_Action item_
The material below includes pictures; leave them out and return only the lines between the line containing "Incredible super baggy" and the line containing "パッケージ内容はイヤホン本体", inclusive, word for word.
Top of Data under study
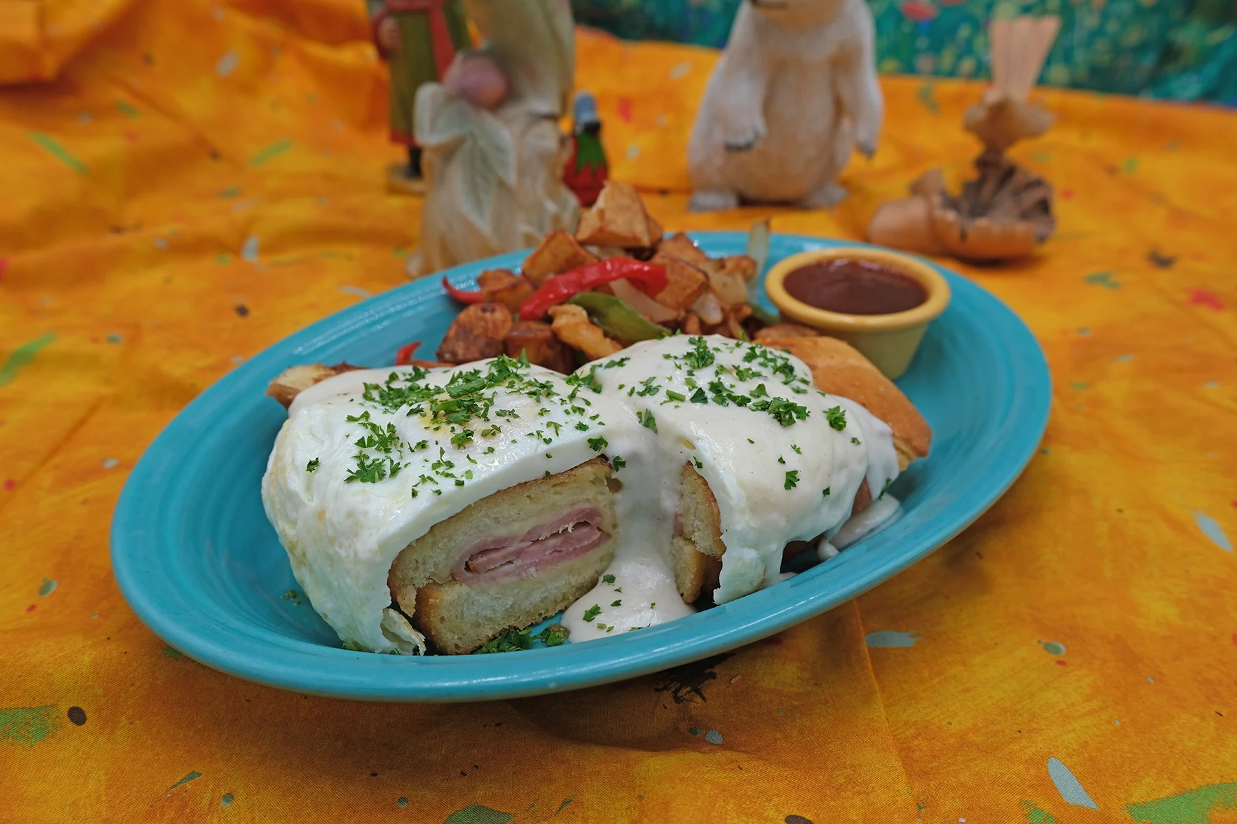 Our Famous French Toast stuffed with uncured Applewood smoked ham and Swiss cheese and then topped with two over-medium* eggs and our creamy house-made bechamel sauce. Garnished with parsley and served with chipotle-raspberry jam
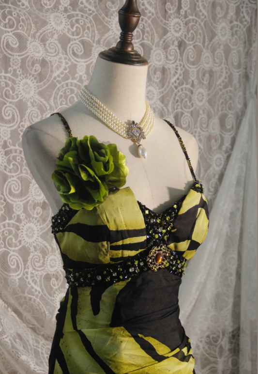 Unique Spaghetti Straps Green Chiffon Beaded Mermaid Long Prom Dress Evening Dress D2251
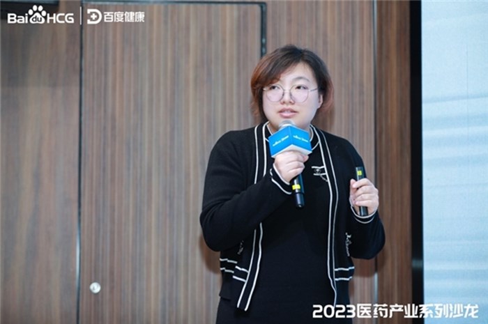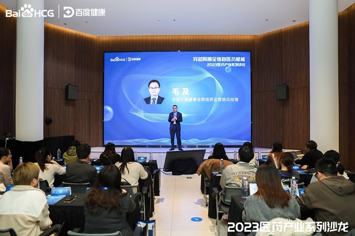 百度健康药企营销总经理毛及出席现场致辞,百度大健康事业群商业产品部产品负责人刘玉清、百度创新业务负责人吴婷婷分别就医疗行业AI原生应用及AI全场景赋能医疗营销进行内容分享。
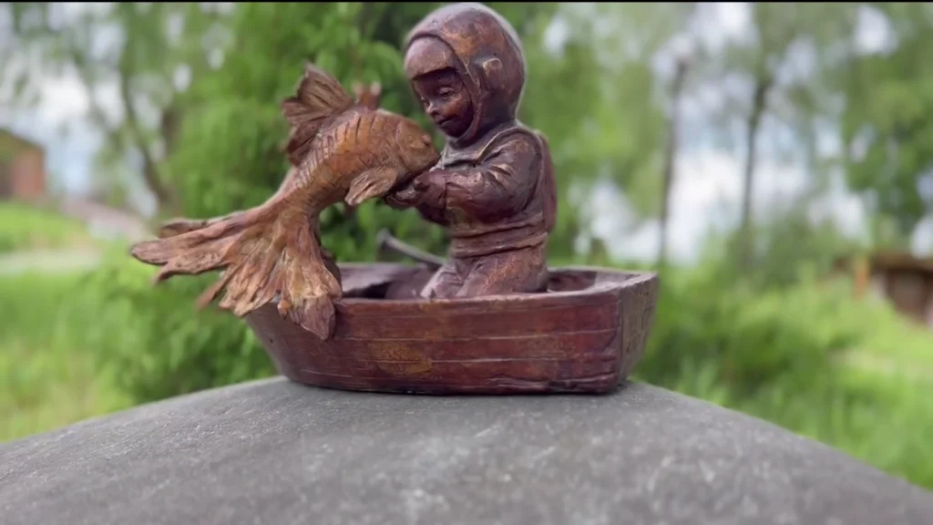 Космонавтика с золотой рыбкой в лодке изготовила скульптор Алина Фарниева.
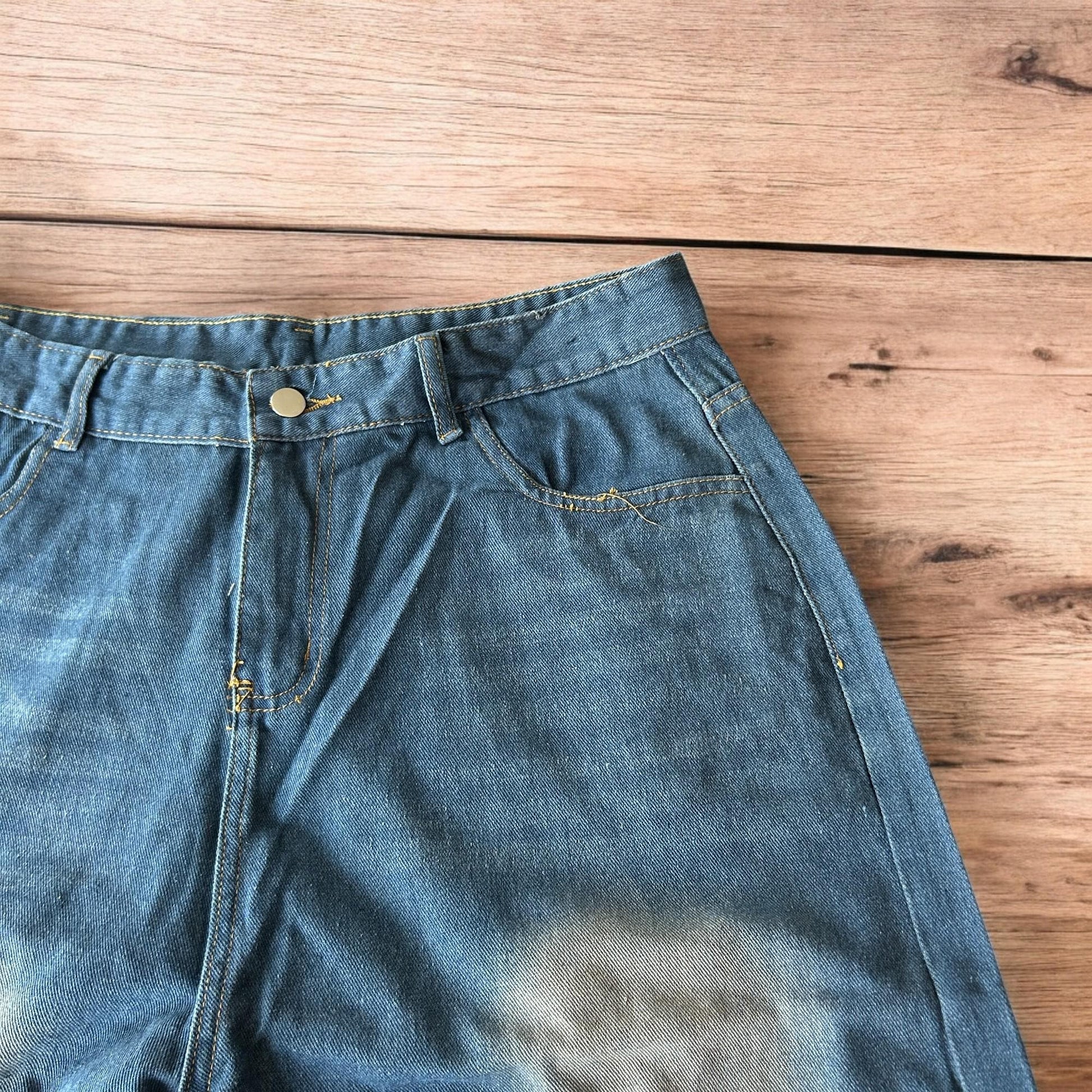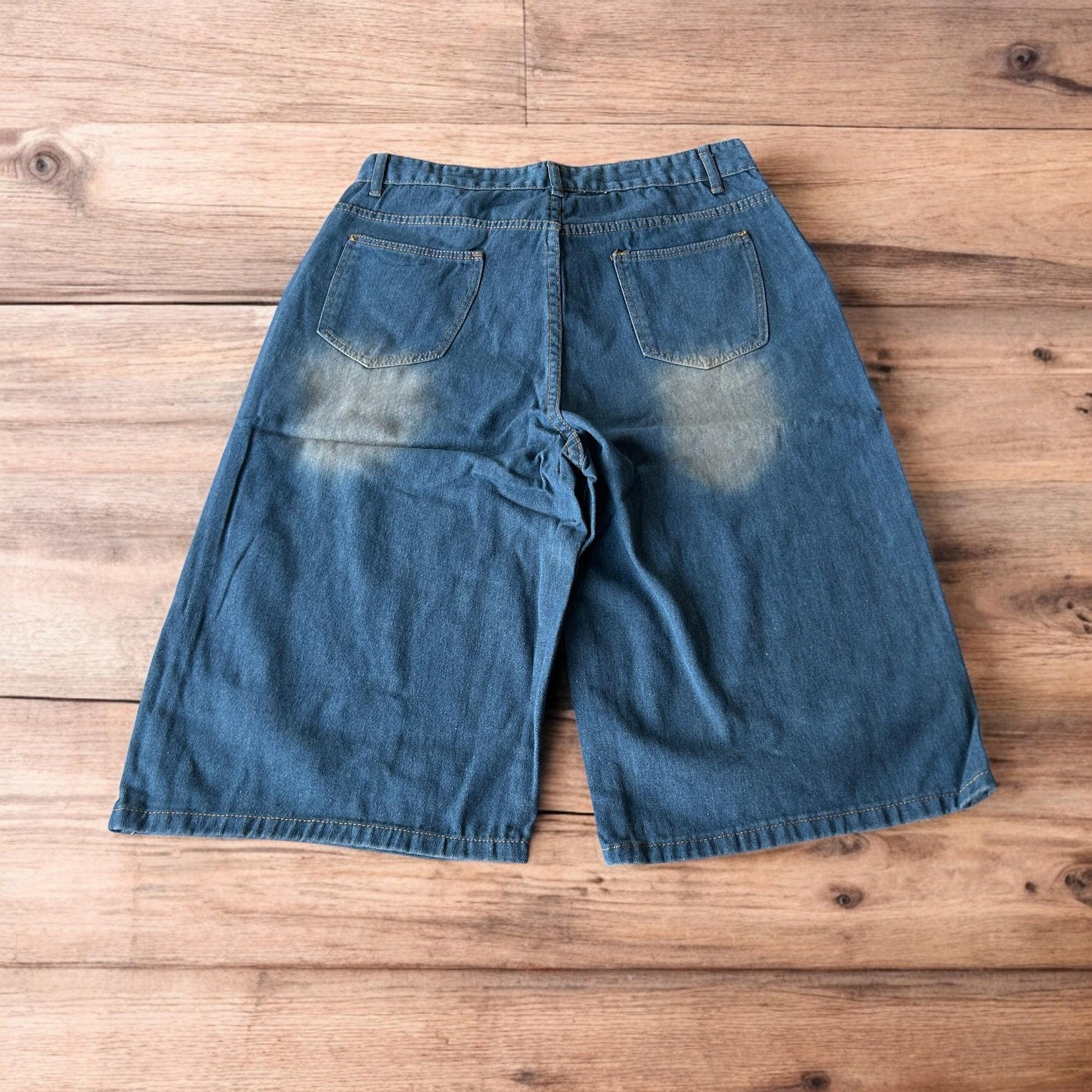 Incredible super baggy wide leg denim shorts jorts in dark blue wash.
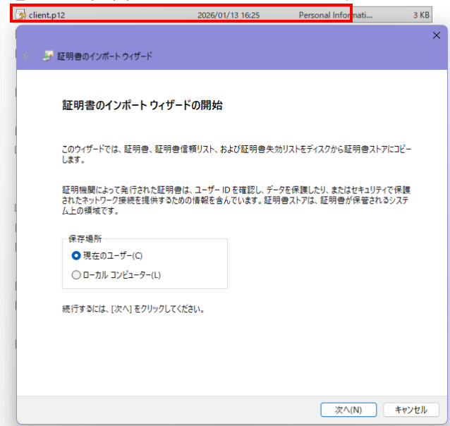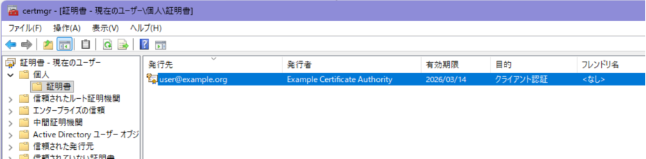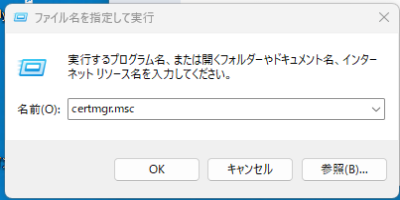 ファイル名を指定して実行で「certmgr.msc」を実行
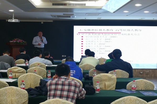 在本次国家机器人发展论坛上,郑南宁院士、吴宏鑫院士、王天然院士等近50名知名专家、行业精英报告了机器人技术未来的发展方向、新技术、成果和产业最新动态。论坛分主论坛、医疗机器人论坛、共融机器人论坛、教育机器人论坛和AI机器人应用创新论坛。365官网方宝富老师作为特邀嘉宾,在教育机器人论坛上报告了我校自2002年以来的机器人创新教育课程和课外创新活动体系建设成果和在安徽省的推广经验,同时报告了以我校为主要依托的安徽省机器人竞赛活动的开展情况。
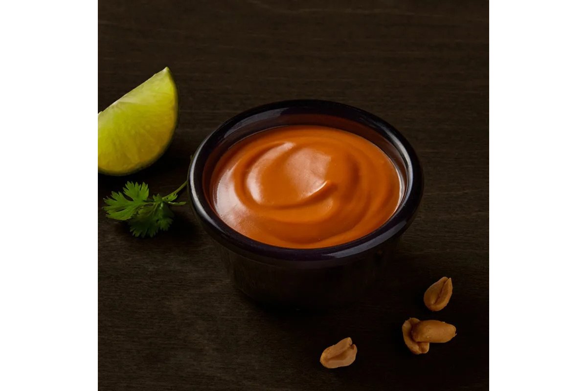 Satay-marinert kylling, paprika, rødløk, ananas, sataysaus og peanøtter. Toppes med fersk koriander og limezest. Melk hvete, soya, peanøtter
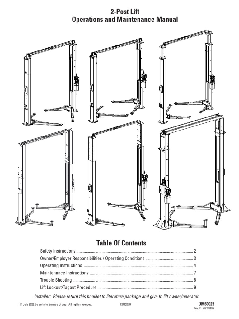 2-Post Lift Operation & Maintenance Manual
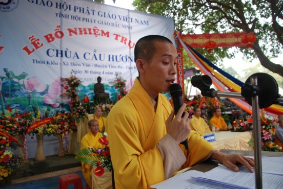 TT Thích Thanh Tuân – Ủy viên thường trực BTS Phật giáo tỉnh Bắc Ninh tuyên đọc quyết định bổ nhiệm trụ trì.
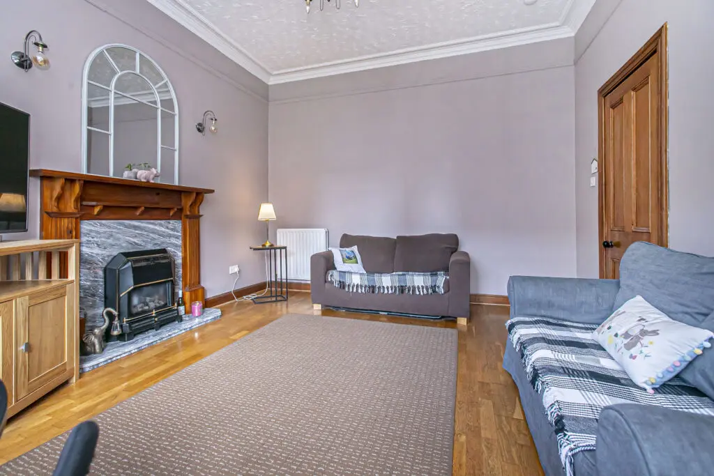 Charming and substantial ground floor traditional dwelling in one of Dunfermline's sought after locations with a short walk into the city centre and all amenities at your fingertips. This period property has many attractive features with original cornicing and flooring to name but a few. The gardens and grounds are well maintained with private and communal outdoor storage. The subjects briefly comprise entrance reception hallway, front facing lounge with decorative fireplace and bay window, kitchen with appliances, bathroom and four bedrooms. The property has sash and case windows and gas central heating.
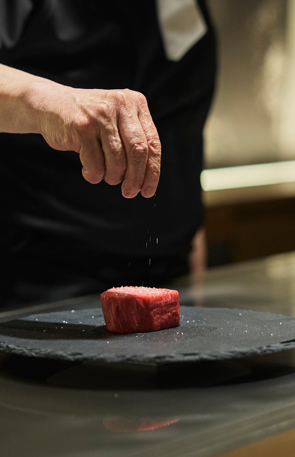 希少性、徹底した流通管理、そしてブランドにふさわしい肉の仕立て――それらを象徴するように、信頼の証である“のじぎく”の認証印が輝きます。「料理人としても誇りを持ってお出しできる、選ばれた肉だけがこのカウンターに立つのです」。
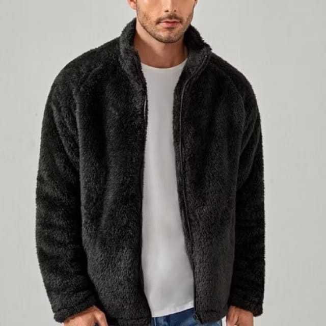 Jaket Pria Winter Fleacee Bulu Sherpa Polos Tebal Series Original Nr Kamila
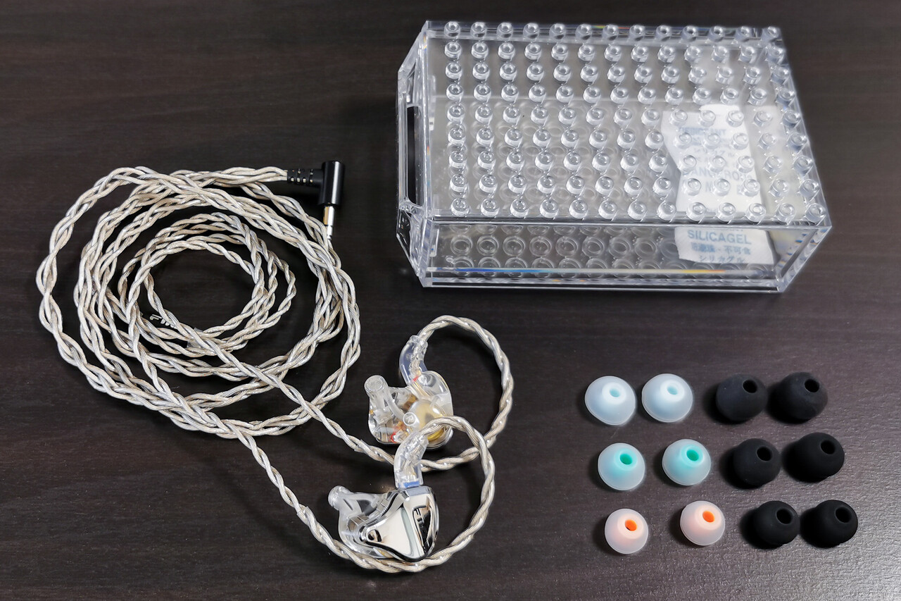 パッケージ内容はイヤホン本体、ケーブル、イヤーピースはシリコンタイプ2種類(それぞれS/M/Lサイズ)、ハードケース、説明書など。Jade Audio系らしくFD/FH系より付属品はシンプルです。レゴブロック状の新しいプラスチックケースは複数持ってると棚みたいに使えてちょっとうれしいです(^^)。
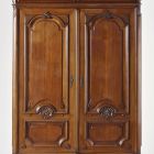 Wardrobe: it stands on four turned bun feet. There are two drawers above the protruding, rounded frieze, decorated with a carved line that ends in a volute. Both doors are divided into a smaller, lobed field at the bottom and a larger one at the top, with a rounded upper part. The bottom parts of the upper fields are carved with shells, while the middle of the curve is decorated with carved leaves. The sides of the curve are enriched with incised nets. Its significantly protruding corniche is jointed several times, the two middle volutes rise in a curve. Below the volutes there is a carved shell motif and incised net on the sides. The keyhole shield and the pulls are cast brass. The sides of the wardrobe are plain, with a slightly protruding frame. One of the wardrobes is equipped with coat hangers while the other has shelves.
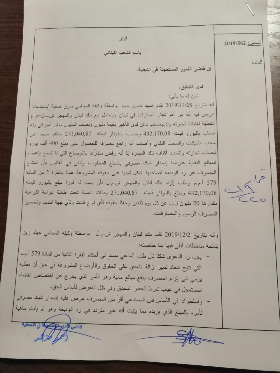 أنه بتاريخ 28112019 تقدم السيد حسين سعيد بواسطة وكيله المحامي مازن صفية "باستدعاء عرض فيه أنه من أهم تجار السيارات في لبنان ويتعامل مع بنك لبنان والمهجر- فرع النبطية لغايات تجارته ولديه حساب دائن لدى الأخير بقيمة مليون ونصف المليون دولار أميركي وله حساب باليورو قيمته 432,170, 08 وحساب بالدولار قيمته 271,040, 87 يستفيد منهما عبر سحب الشيكات والسحب النقدي وأضاف أنه راجع مصرفه للحصول على مبلغ 400 ألف يورو لحساب تجارته ولتسديد أكلاف تلك التجارة إلا أنه رفض متذرعا بالأوضاع التي لا تسمح بإعطاء المبالغ النقدية عارضا إصدار شيك مصرفي بالمبلغ المطلوب، وأدلي في القانون بأن امتناع المصرف عن رد الوديعة لصاحبها يشكل تعديا على حقوقه المشروعة عملا بالفقرة 2 من المادة 579 أ.م.م وطلب إلزام بنك لبنان والمهجر ش.م.ل بأن يسدد له فورا مبلغ باليورو قيمته 432,170, 08 ومبلغ بالدولار قيمته 271,040,87 وبذات العملة تحت طائلة غرامة إكراهية مقدارها 20 مليون ل.ل عن كل يوم تأخير وحفظ حقوقه لأي نوع كانت ولأي جهة انتمت وتضمين المصرف الرسوم والمصارفات،
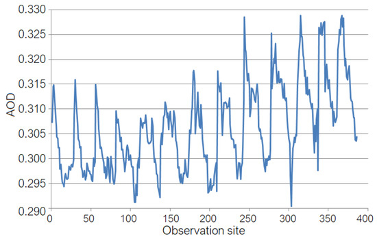 The sites are ordered in increasing order in latitude, and subsequently, by decrease latitude, from the left corner on the map of the studied region to the lower right corner. Details on the study area may be found in [4,40,41]. The coordinates of the sampling points are given in Table S1 in the Supplementary Materials. Data have been organized in a matrix, X, whose columns contain the AOD at each point, and the lines contain the monthly values at the observation points.
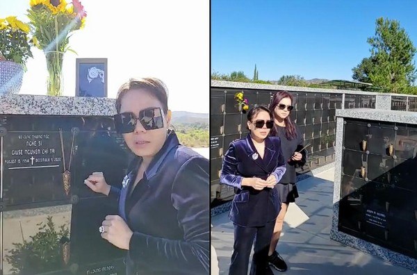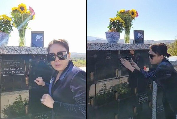 Sau khi đưa tro cốt Phi Nhung về Mỹ, Việt Hương cùng ông xã dành thời gian đến thắp hương cho nghệ sĩ Chí Tài. Ca sĩ Phương Loan – bà xã nam danh hài cũng đến thăm chồng. Trong video, Việt Hương chia sẻ: “Tôi là người đưa anh Tài ra sân bay. Việc đầu tiên của hai vợ chồng tôi khi về Mỹ là thăm anh Tài. Vì tôi giống như em của anh Tài nên cũng mong muốn anh ấy được ở chỗ đẹp”.
Bottom of Data under study
_Solution for this task_
 Incredible super baggy wide leg denim shorts jorts in dark blue wash.
 ファイル名を指定して実行で「certmgr.msc」を実行
 在本次国家机器人发展论坛上,郑南宁院士、吴宏鑫院士、王天然院士等近50名知名专家、行业精英报告了机器人技术未来的发展方向、新技术、成果和产业最新动态。论坛分主论坛、医疗机器人论坛、共融机器人论坛、教育机器人论坛和AI机器人应用创新论坛。365官网方宝富老师作为特邀嘉宾,在教育机器人论坛上报告了我校自2002年以来的机器人创新教育课程和课外创新活动体系建设成果和在安徽省的推广经验,同时报告了以我校为主要依托的安徽省机器人竞赛活动的开展情况。
 Satay-marinert kylling, paprika, rødløk, ananas, sataysaus og peanøtter. Toppes med fersk koriander og limezest. Melk hvete, soya, peanøtter
 2-Post Lift Operation & Maintenance Manual
 TT Thích Thanh Tuân – Ủy viên thường trực BTS Phật giáo tỉnh Bắc Ninh tuyên đọc quyết định bổ nhiệm trụ trì.
 Charming and substantial ground floor traditional dwelling in one of Dunfermline's sought after locations with a short walk into the city centre and all amenities at your fingertips. This period property has many attractive features with original cornicing and flooring to name but a few. The gardens and grounds are well maintained with private and communal outdoor storage. The subjects briefly comprise entrance reception hallway, front facing lounge with decorative fireplace and bay window, kitchen with appliances, bathroom and four bedrooms. The property has sash and case windows and gas central heating.
 希少性、徹底した流通管理、そしてブランドにふさわしい肉の仕立て――それらを象徴するように、信頼の証である“のじぎく”の認証印が輝きます。「料理人としても誇りを持ってお出しできる、選ばれた肉だけがこのカウンターに立つのです」。
 Jaket Pria Winter Fleacee Bulu Sherpa Polos Tebal Series Original Nr Kamila
 パッケージ内容はイヤホン本体、ケーブル、イヤーピースはシリコンタイプ2種類(それぞれS/M/Lサイズ)、ハードケース、説明書など。Jade Audio系らしくFD/FH系より付属品はシンプルです。レゴブロック状の新しいプラスチックケースは複数持ってると棚みたいに使えてちょっとうれしいです(^^)。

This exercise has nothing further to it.